Cependant, au-delà des chiffres pour le moins hasardeux, les objectifs de ce projet de loi traduisent un basculement culturel qui ne doit pas être sous-estimé. Pour la première fois, le Parlement pourrait croire que la croissance économique du pays ne dépend plus ni de l’augmentation de la consommation d’énergie, ni de la production d’électricité nucléaire mais, à l’inverse, de leur baisse. Il s’agirait alors bien d’une « révolution tragique » qui aurait des conséquences aussi néfastes que le « Grand Bond en avant » de Mao, ou que le Lyssenkisme2 en ex-Union soviétique.

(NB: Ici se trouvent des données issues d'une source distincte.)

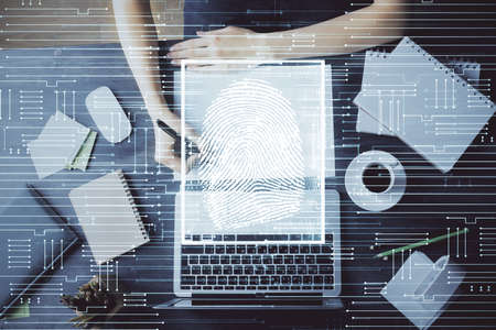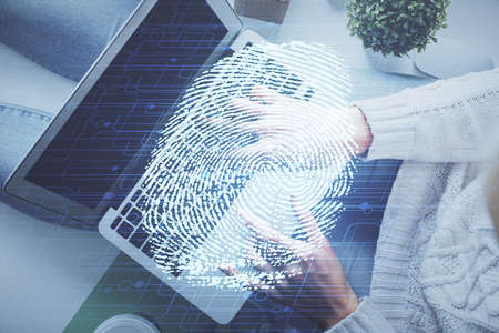 Double exposure of woman hands working on computer and fingerprint hologram drawing. Top View. Digital Security concept.

Vouloir imposer par la loi une division par deux de la consommation d’énergie en moins de 40 ans est clairement un objectif de décroissance économique avec son cortège de misère, de pauvreté et de chômage qui conduirait sans nul doute à une véritable explosion sociale.

  1. Énergie primaire ou finale : pour l’électricité hydraulique, éolienne ou photovoltaïque, c’est la quantité d’électricité produite. Remplacer de l’électricité « classique », qui constitue 30% environ de l’énergie primaire (fossile ou nucléaire), par de l’éolien et du PV « améliore » donc l’intensité énergétique, ce qui est absurde. Cela dit, une diminution de 50% de la consommation d’énergie, quelle que soit la façon dont on la calcule, est tout à fait illusoire, sauf grave récession.
  2. Lyssenkisme : métaphore utilisée pour dénoncer la manipulation ou la déformation de la méthode scientifique afin de soutenir une conclusion prédéterminée, souvent liée à un objectif social ou politique.
    « Comment Lyssenko a-t-il pu acquérir assez d’influence et de pouvoir pour subjuguer ses collègues, conquérir l’appui de la radio et de la presse, l’approbation du Comité central et de Staline en personne, au point qu’aujourd’hui tout ce qui s’en écarte est « irrévocablement banni » de la science soviétique ? (…) Tout cela est insensé, démesuré, invraisemblable. C’est vrai pourtant. Que s’est-il passé ? » (Jacques Monod, article du quotidien Combat, 19 septembre 1948).
    Le bilan de Lyssenko est accablant : « Apport scientifique nul, paralysie de la biologie et de l’agronomie soviétiques pendant près de trente ans, mise à l’écart et assassinats de savants mondialement réputés. » (Joël et Dan Kotek, L’Affaire Lyssenko, p. 95).